If you think you've found a bug, please file a github issue. Take a look at our comprehensive contributor guide for details on how to get started.
Background
See this 5-minute project overview video to get a feel for the underlying project structure, and how we’re conceptualizing the new ThreadDB in Javascript.
Let's start with some of the motivations around our new approach to ThreadDB, and our shift from "Threads the database" to "Threads the database syncing mechanism".
- Local first. The concept of offline-first or local-first software isn’t a new one. There are some great discussions (and summaries) of the ideas out there already, and we encourage you to take a look. User ownership of data, interoperability, collaboration, offline-capable, etc are all ideals we appreciate.
- Usability. This one doesn’t get discussed as much in the context of offline-first software, but it is actually way easier to test and develop apps that don’t actually require real-time access to any remote services. As you’ll see in some of our demo videos below, you can spend a good chunk of time testing, validating, and breaking things before you even touch a “live” remote API. This means less garbage data while developing, while at the same time leveraging and testing against the real APIs you’ll encounter once you move to production.
- Flexibility. Why should a developer looking to leverage Threads in their workflow have to migrate to a new database implementation, when there are already lots of great databases out there? Wouldn’t it be great if you could just use the right database for the job, and then simply have that database sync to web3 automatically? We think so, and this is part of what we are exploring with this release of ThreadDB.

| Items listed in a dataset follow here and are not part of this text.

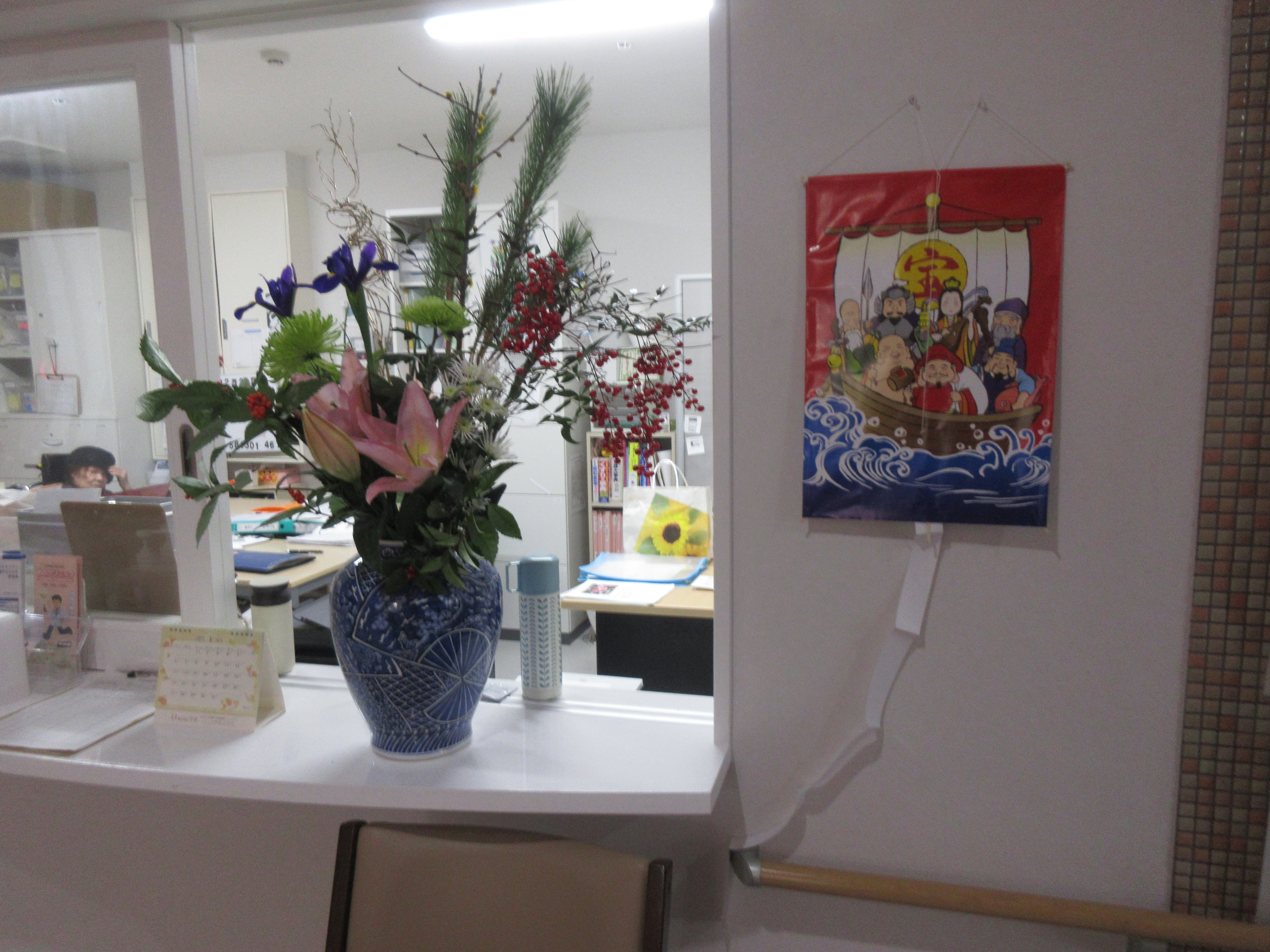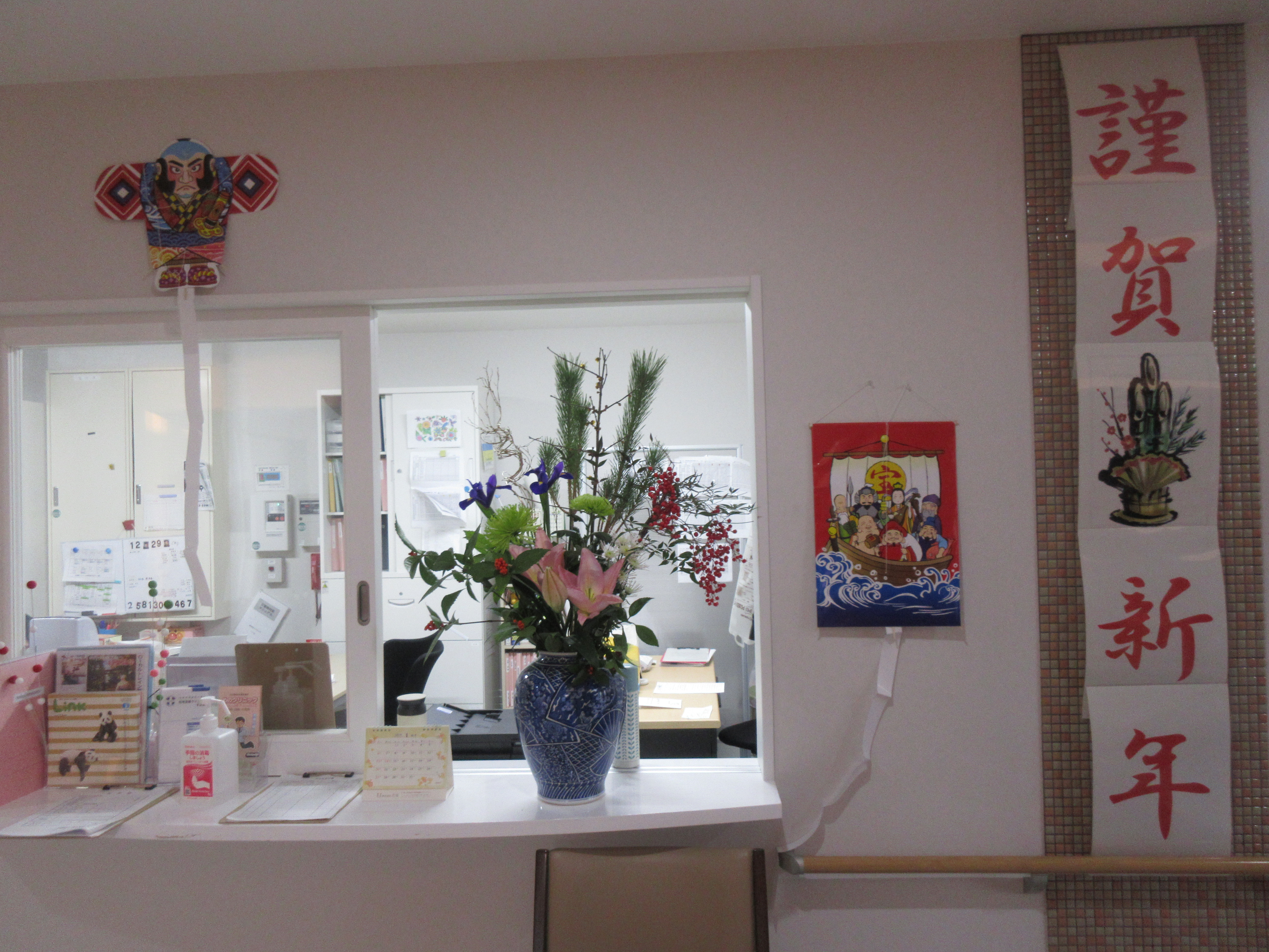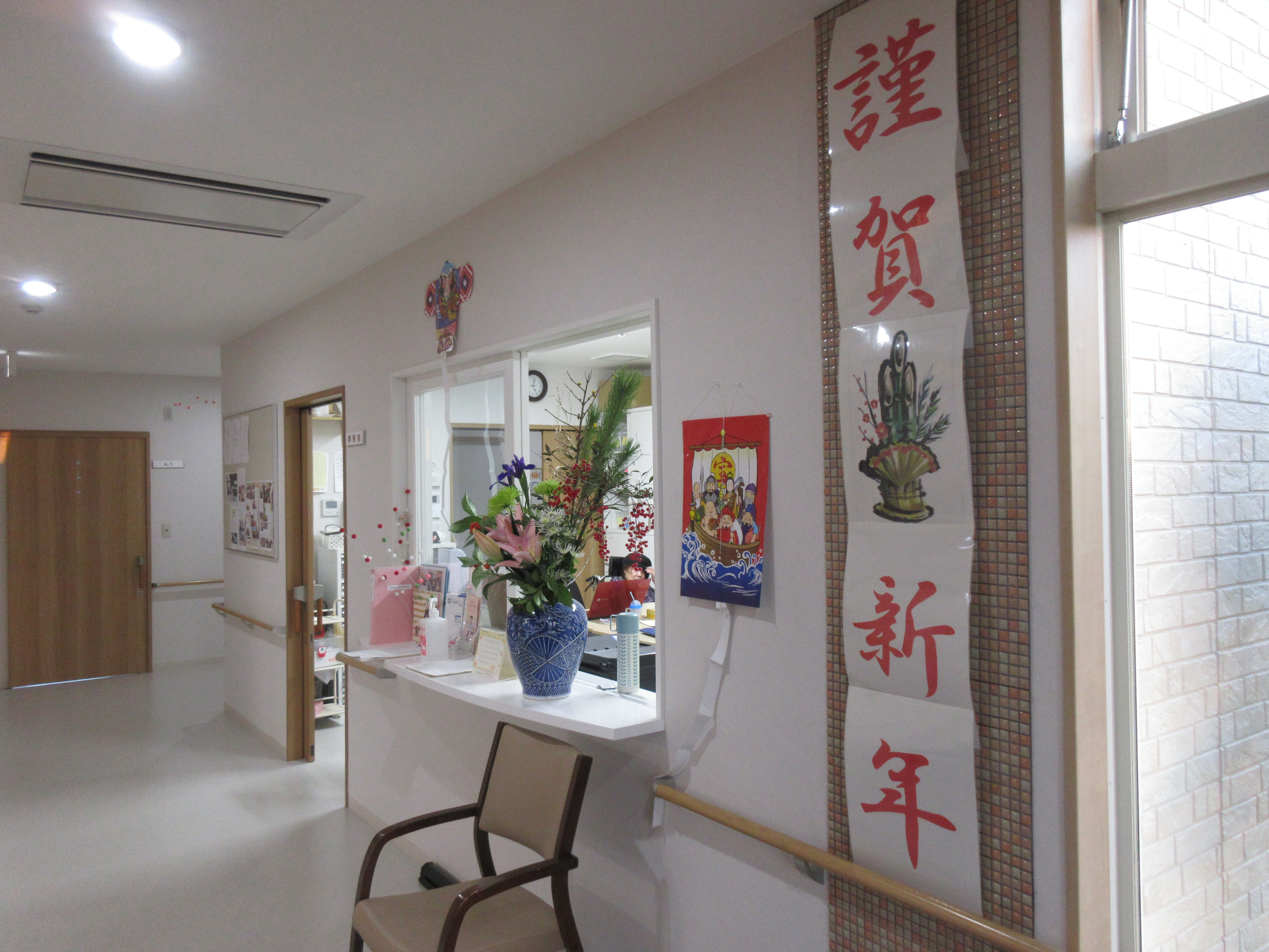 新年あけましておめでとうございます。ステーション迫にも護国神社に負けないくらいの縁起物の巨大な謹賀新年ポスターを張らせていただき入居者の皆様、ご家族、面会に来られる方々へのお出迎えをさせていただいてます。今年も新しいことへのチャレンジをしながら入居者様、ご家族様に笑顔をもたらすことを目標に「万里一空」の所存で職員一同、日々の業務に取り組んでまいりたいと思います。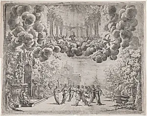 Stage design with allegorical figures; from 'L'Idea di tutti le perfezioni ... Piacenza'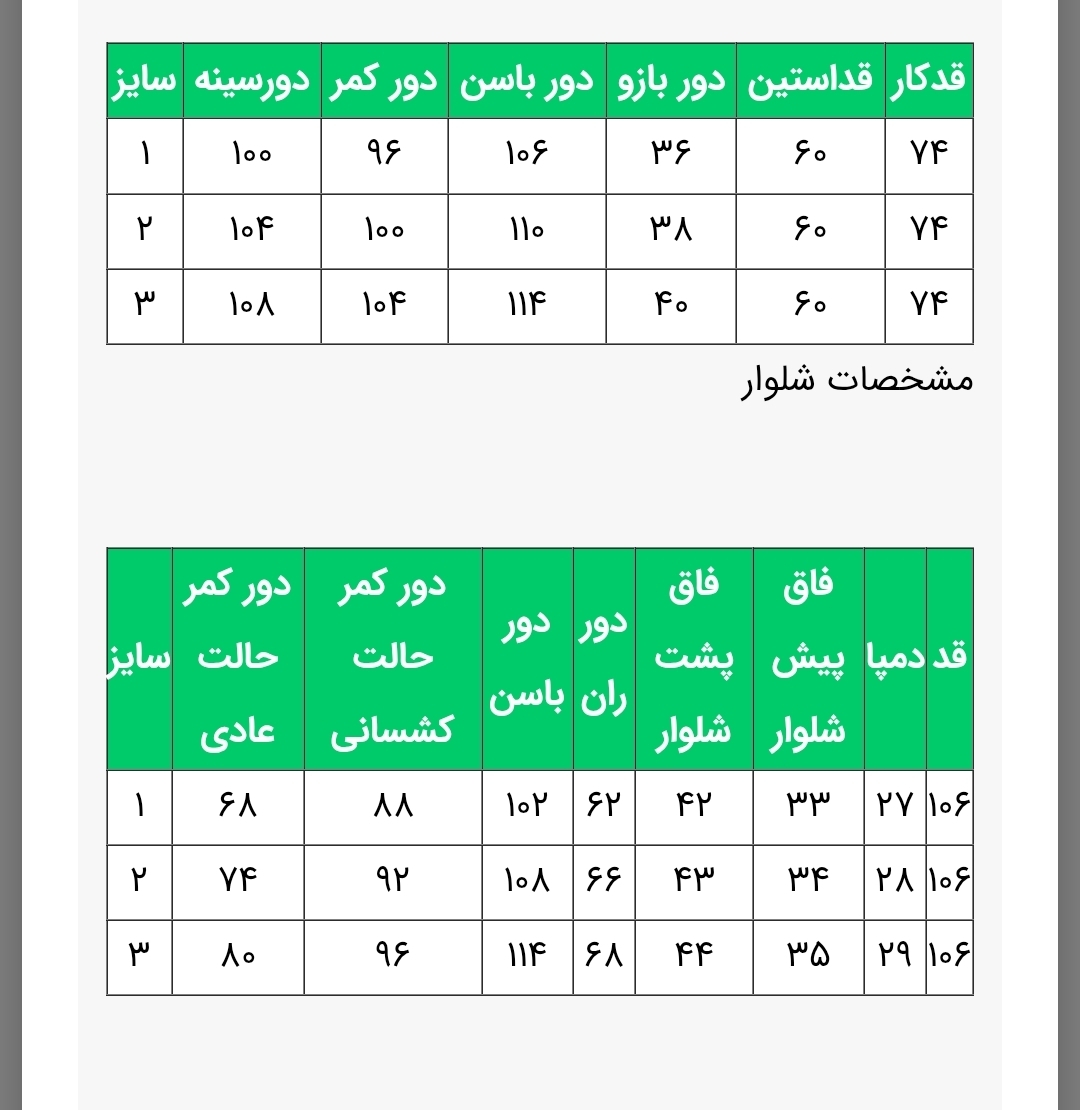 سایز 2 مناسب 42 تا 44 — دورسینه 104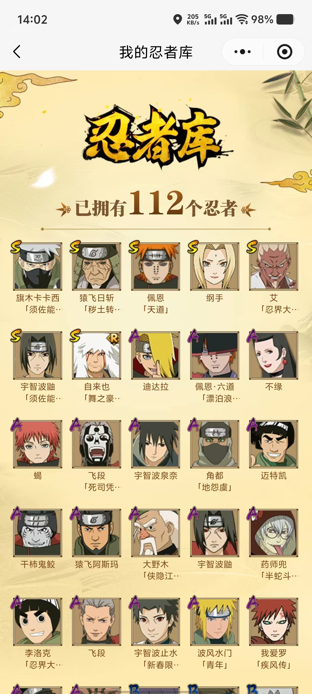 【A忍者】,不缘,李洛克「忍界大战」,蝎「绯流琥」,宇智波泉奈,桃地再不斩「秽土转生」,佩恩·六道「漂泊浪客」,波风水门「青年」,宇智波止水「新春限定」,药师兜「半蛇斗篷」,角都「地怨虞」,飞段「死司凭血」,飞段,迪达拉,我爱罗「疾风传」,蝎,干柿鬼鲛,宇智波鼬,猿飞阿斯玛,迈特凯,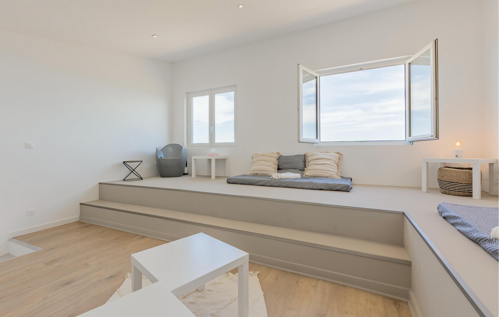 Vågn op til en svømmetur i den rolige dam og server jer selv en solid morgenmad på træterrassen ved vandet. Nyd stemningsfulde aftener her med et glas vin og lyt til bølgernes blide skvulpen.

When thinking about the above constraints (plus a whole lot of technical considerations), we landed on a simple, but powerful framework for our new vision of ThreadDB for Javascript. This early release addresses the local-first database component by leveraging IndexedDB, via Dexie. This provides a lightweight, easy to use database, where all the complexity of remote sync is separated from the complexity of the database itself. The database features a MongoDB-like experience, with change tracking, custom UUIDs, and more. For those already familiar with Dexie, you can peel back the layers to have direct access to the Dexie database object for even more control over your local database experience. Check out the getting started section to get a feel for the basic APIs provided by Textile. There, you’ll see what is required to go from basic interactions with a local ThreadDB Database to pushing those local changes to a Remote.
Modular
ThreadDB for Javascript contains a fully-featured local-first database (Dexie) and a set of remote features that enable sync, archive, and recovery over the network. The Remote
object itself simply defines several middlewares that intercept Dexie calls, store the list of updates in a local sandbox, and then provides tooling to push, pull, rebase, and stash these local changes with a remote Thread daemon.
The project design is purposefully modular, and is organized roughly into three components: the "local" store, the "middleware", and the communication with a "remote". Ideally, the "local" component is minimal, and provides only a light wrapper around a local database. In our case, that database is IndexedDB via Dexie, but in theory, almost any local database will eventually work. The middleware is similarly light-weight. Here, we provides a few sub-modules for hooking into the local database to extract the things we need to communicate with the remote module. It additionally provides a few middleware components that provide MongoDB style queries, track changes, custom UUIDs, schemas, and more. Those familiar with our existing Threads Client library will notice several useful similarities.
That brings us to the "remote" module. This is where the magic of syncing to the decentralized web happens. In practice, we're leveraging existing Textile APIs to validate this proof-of-concept model. Eventually, as we optimize what is going on under the hood, we’ll roll out new APIs that are more efficient, and provide more useful functionality in an offline-first scenario. Essentially, we track changes on the local database, and provide low level APIs to push, pull, and resolve any conflicts that arise when syncing with a remote. In general, the remote is considered the "source of truth" in any real conflicts, and ThreadDB is designed to be used more as a federated system of peers, rather than pure peer-to-peer. As such, each local "remote" module connects to one remote daemon at a time, and relies on that daemon for network operations and syncing. By default, remotes are configured to work against Textile's Hub daemon, but as a developer, you have easy access to setting this to other remote hosts.
Getting Started
Check out this "getting started" video to get a feel for the basic APIs. In it, you'll see what is required to go from basic interactions with a local ThreadDB Database to pushing those local changes to a Remote Daemon.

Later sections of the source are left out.